Botanical Name : Sorbus aucuparia
Family: Rosaceae
Genus: Sorbus
Subgenus:Sorbus
Section:Sorbus
Species:S. aucuparia
Kingdom: Plantae
Order: Rosales

Synonyms : Pyrus aucuparia

Common Names: Mountain-ash, European mountain ash, Amur mountain-ash, Quick beam, Quickbeam, Rowan or Rowan-berry

Habitat :Sorbus aucuparia is native to Europe, including Britain, south and east from Iceland to Spain, Macedonia and the Caucasus.

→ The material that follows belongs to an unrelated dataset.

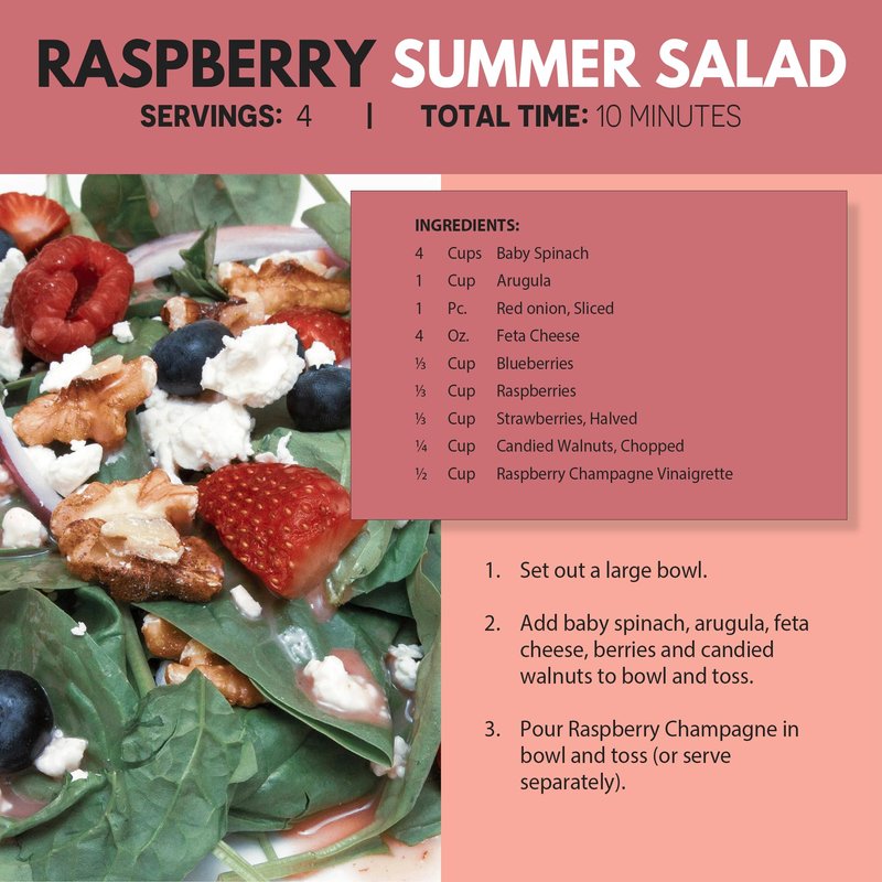 - 👩🍳 SUMMON YOUR INNER-CHEF. Some of the chef’s favorite recipes with our raspberry salad dressing include broccoli salad, a berry summer salad, and marinated pork. Allow yourself to get creative in the kitchen!

It grows in the woods, scrub and mountain rocks, mainly on lighter soil, rare or absent on clays or soft limestones. It is found at higher elevations than any other native tree.

Description:

Sorbus aucuparia occurs as a deciduous tree or shrub that grows up to between 5 and 15 m in height. The crown is loose and roundish or irregularly shaped but wide and the plant often grows multiple trunks. A trunk is slender and cylindrical and reaches up to 40 cm in diameter, and the branches stick out and are slanted upwards.The bark of a young S. aucuparia is yellowish gray and gleaming and becomes gray-black with lengthwise cracks in advanced age; it descales in small flakes. Lenticels in the bark are elongated and colored a bright ocher. The plant does not often grow older than 80 years and is one of the shortest-lived trees in temperate climate. Wood of S. aucuparia has a wide reddish white sapwood and a light brown to reddish brown heartwood. It is diffuse-porous, flexible, elastic, and tough, but not durable, with a density of 600 to 700 kg/m3 in a dried state. The roots of S. aucuparia grow wide and deep, and the plant is capable of root sprouting and can regenerate after coppicing.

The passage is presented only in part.